Marc Riddick: Hey good evening.
Carl Schweihs: Hey Marc.
Taryn Owen: Hey Marc.
Marc Riddick: So, I was wondering if you could spend some time talking about — you mentioned in your prepared remarks the progress you’re making with JobStack and the rollout through the year. I was wondering if you could give us a little more detail sort of where you see things currently and some of the things that you have planned as you get through the year? And then maybe some of the benefits that you’re seeing that maybe don’t get to shine as much given the economic conditions, but maybe you can talk a little bit about the benefits that you’re seeing with JobStack?
Taryn Owen: Absolutely, Marc. Thanks for the question. Our new JobStack app has been rolled out to most of our branches and our national accounts, and we are on track to roll out the remainder of the branches before the end of this year. So, we’re excited about that. Our first priority was to get the app rolled out and ensure that we didn’t have any disruption to the business in that process and the team has done just a phenomenal job in that regard. And once we get rolled out, we’ll be able to start really advancing the release of more features that will offer us more of a competitive advantage. I’ll just give a couple of examples of some of the things that we’ve done so far. Our associates are now able to onboard completely in — through the digital application, reducing the time that it takes them to apply and ultimately get dispatched and paid for work.
And so we’re excited about that. We got some feedback early on from the associates that they wanted to be able to engage in this onboarding process through text messaging and so we just implemented that feature in the last month, allowing our associates to engage first via text and get through that process. In addition to that, we just launched a text reminder. So, our associates get a reminder before a shift and they can respond to us and say, yes, they’re going to show up for their shift today or no, they need to call off, in which case that job automatically goes back to the exchange, allowing another associate to take the shift. And just the early results in the first month that, that has been released is that we’re showing an increased fill rate across the business.
So, excited about that feature.

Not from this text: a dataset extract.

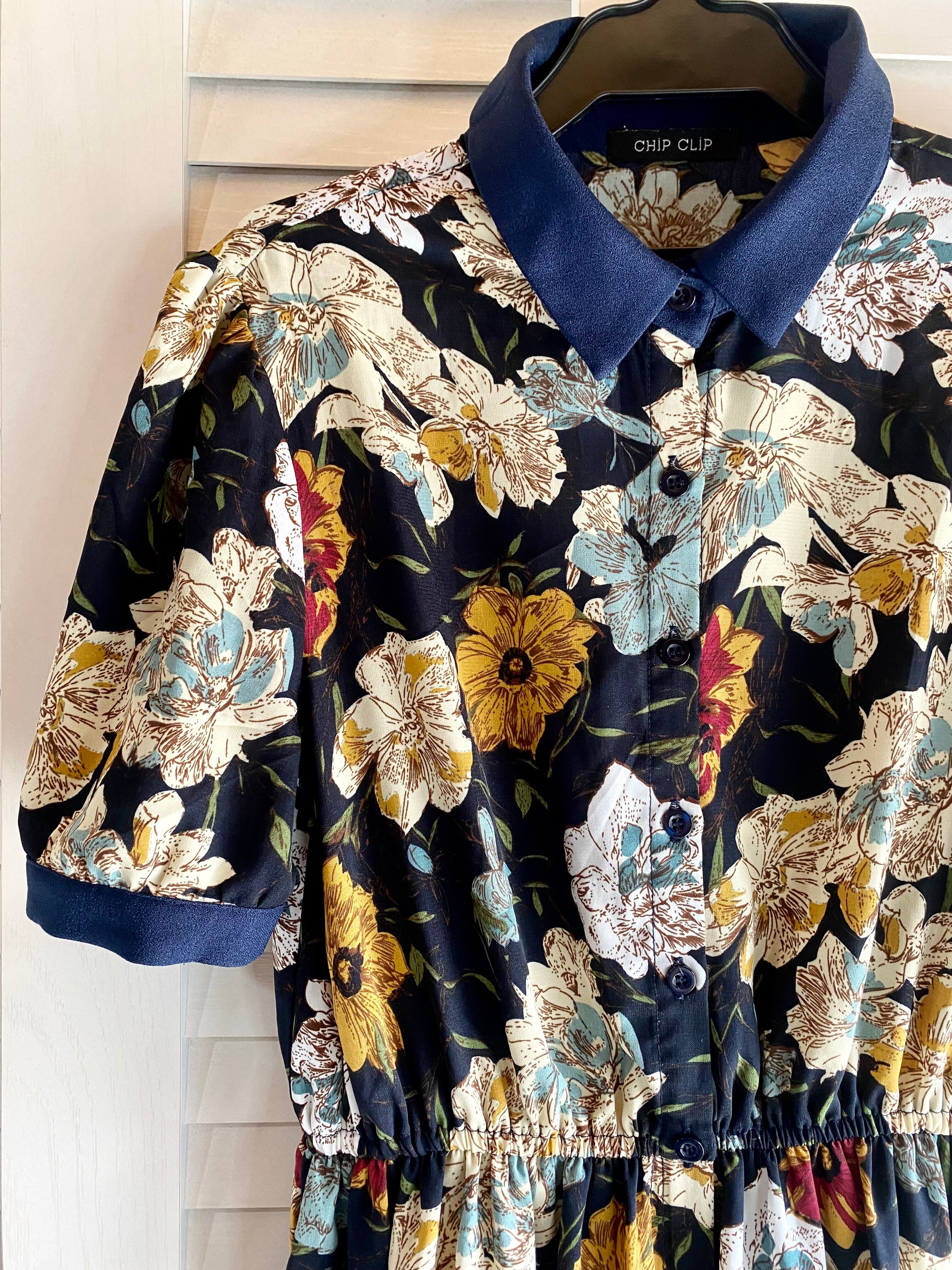 #27 CHIP CLIP BIGフラワープリント シャツカラージョーゼットワンピ ネイビー

And certainly, we have a robust roadmap to continue to roll out enhancements such as that throughout the rest of this year.
Marc Riddick: And then you kind of touched on where I was going with that because it certainly seems to give an opportunity for greater efficiencies and grading pricing power and the like. Can you talk a little bit about maybe the potential for data build and sort of maybe how that can sort of then be utilized down the road as far as maybe improved analytics and the like and sort of the competitive advantages that you’re looking for there? Thanks.

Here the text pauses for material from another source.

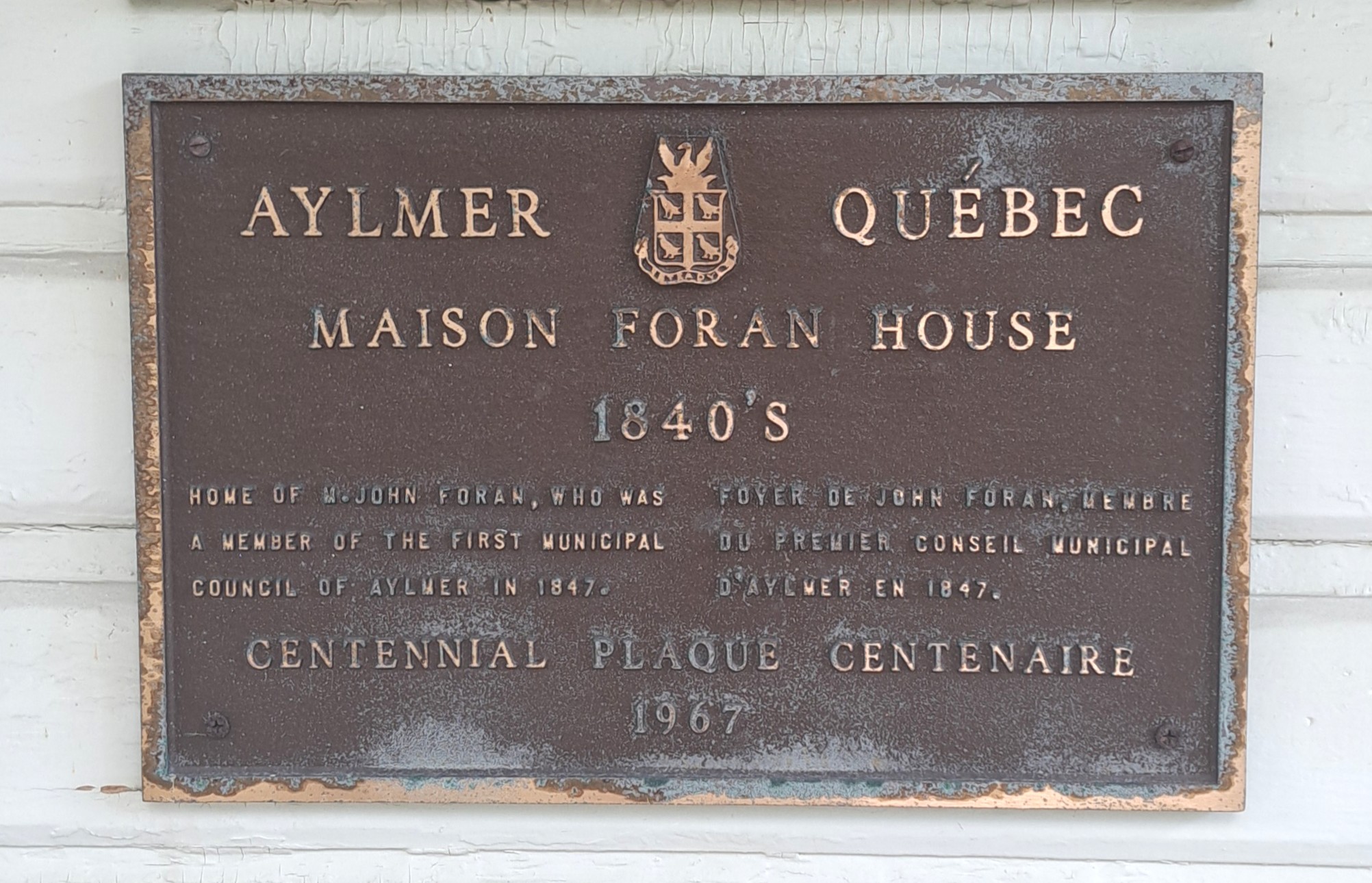 En 1883, John Foran rachète la maison au fils de Murphy. Il fut un des membres du premier conseil municipal d'Aylmer, en 1847. Foran possède déjà une spacieuse demeure en pierre située sur la route d'Aylmer, mais il aspire à vivre en ville pour profiter des dernières années de son existence.

Taryn Owen: Absolutely. That’s certainly part of the strategy is to have those real-time insights that we didn’t have before. So, a couple of examples that we’re looking at. One is an algorithm that will help us serve jobs to associates that are most likely to take the shift and complete the shift with a 5-star rating from our customers. And so really looking at that ability to predict reliability for the associates showing up for work. So, that’s one example. Another that we’re looking at is pricing, really looking at real-time pricing opportunities that we’ll have with the app, with the data and analytics that we’re able to utilize. Thanks for the question, Marc.

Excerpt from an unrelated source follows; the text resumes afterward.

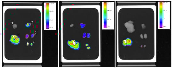 Organ’s fluorescence image of three animals with their respective scales of fluorescence intensity acquired by the equipment In-Vivo Xtreme image system; liver (1), lungs (2), kidneys (3) testicles (4), and tumor (T), at the same sequence.
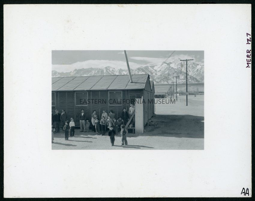 Photograph of school children and adults standing in front of a building (possibly a school or barracks) at Manzanar. The Sierra Nevada are in the background with a line of power poles receding toward Mt. Williamson.

Marc Riddick: Thanks for the answer. I appreciate it.
Operator: Thank you. And we have reached the end of the question-and-answer session. I’ll now turn the call back over to Taryn Owen for closing remarks.
Taryn Owen: Thank you, operator and thank you, everyone, for joining us today. I also want to take a moment to thank the entire TrueBlue team for their resilience and dedication to advancing our mission to connect people and work. We look forward to speaking with you at upcoming investor events and on our next quarterly call. If you have any questions, please don’t hesitate to reach out. Have a great evening.
Operator: Thank you. This concludes today’s conference and you may disconnect your lines at this time. Thank you for your participation.